• Data excerpt:
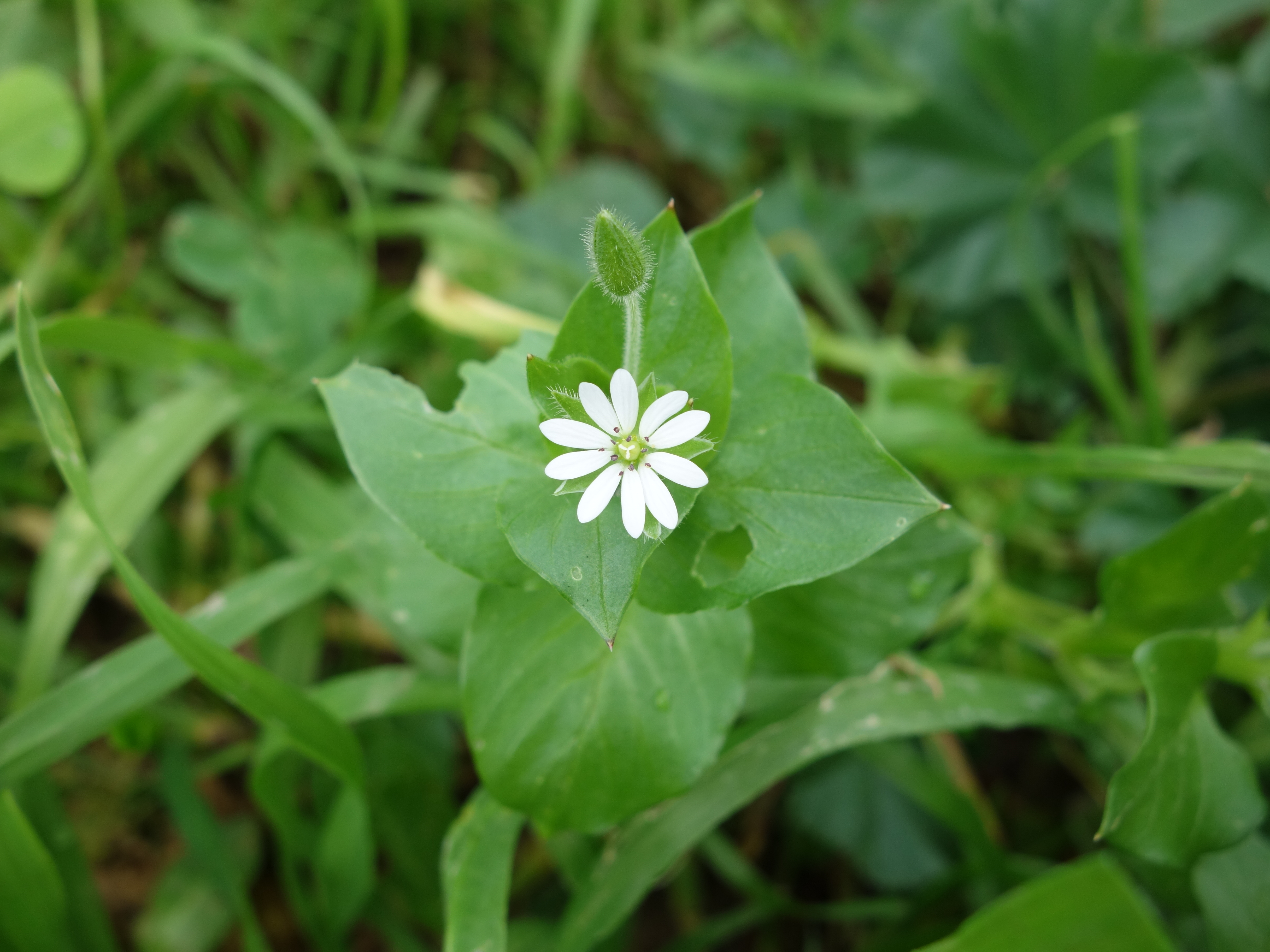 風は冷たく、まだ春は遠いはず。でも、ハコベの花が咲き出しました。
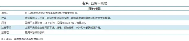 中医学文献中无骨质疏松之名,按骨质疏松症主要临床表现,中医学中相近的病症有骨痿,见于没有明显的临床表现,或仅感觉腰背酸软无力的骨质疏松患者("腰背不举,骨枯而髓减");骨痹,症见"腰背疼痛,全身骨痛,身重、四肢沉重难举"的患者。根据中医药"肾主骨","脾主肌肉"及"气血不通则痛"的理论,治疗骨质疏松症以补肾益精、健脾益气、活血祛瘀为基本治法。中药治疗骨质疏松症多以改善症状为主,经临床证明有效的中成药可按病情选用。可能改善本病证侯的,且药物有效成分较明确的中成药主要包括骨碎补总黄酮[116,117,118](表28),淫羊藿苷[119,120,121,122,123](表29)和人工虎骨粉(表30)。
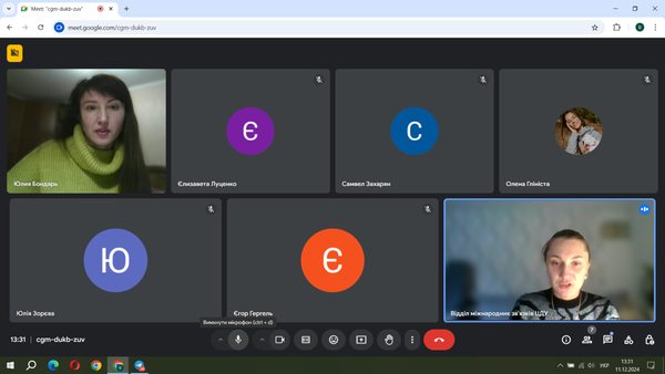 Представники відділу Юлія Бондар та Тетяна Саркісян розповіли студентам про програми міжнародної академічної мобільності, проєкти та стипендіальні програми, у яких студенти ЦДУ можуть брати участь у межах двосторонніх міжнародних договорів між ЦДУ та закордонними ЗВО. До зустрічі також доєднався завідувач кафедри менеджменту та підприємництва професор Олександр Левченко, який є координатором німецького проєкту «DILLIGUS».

• Work item:
Print the data above exactly, minus pictures.

• Solution to this problem:
 風は冷たく、まだ春は遠いはず。でも、ハコベの花が咲き出しました。
 中医学文献中无骨质疏松之名,按骨质疏松症主要临床表现,中医学中相近的病症有骨痿,见于没有明显的临床表现,或仅感觉腰背酸软无力的骨质疏松患者("腰背不举,骨枯而髓减");骨痹,症见"腰背疼痛,全身骨痛,身重、四肢沉重难举"的患者。根据中医药"肾主骨","脾主肌肉"及"气血不通则痛"的理论,治疗骨质疏松症以补肾益精、健脾益气、活血祛瘀为基本治法。中药治疗骨质疏松症多以改善症状为主,经临床证明有效的中成药可按病情选用。可能改善本病证侯的,且药物有效成分较明确的中成药主要包括骨碎补总黄酮[116,117,118](表28),淫羊藿苷[119,120,121,122,123](表29)和人工虎骨粉(表30)。
 Представники відділу Юлія Бондар та Тетяна Саркісян розповіли студентам про програми міжнародної академічної мобільності, проєкти та стипендіальні програми, у яких студенти ЦДУ можуть брати участь у межах двосторонніх міжнародних договорів між ЦДУ та закордонними ЗВО. До зустрічі також доєднався завідувач кафедри менеджменту та підприємництва професор Олександр Левченко, який є координатором німецького проєкту «DILLIGUS».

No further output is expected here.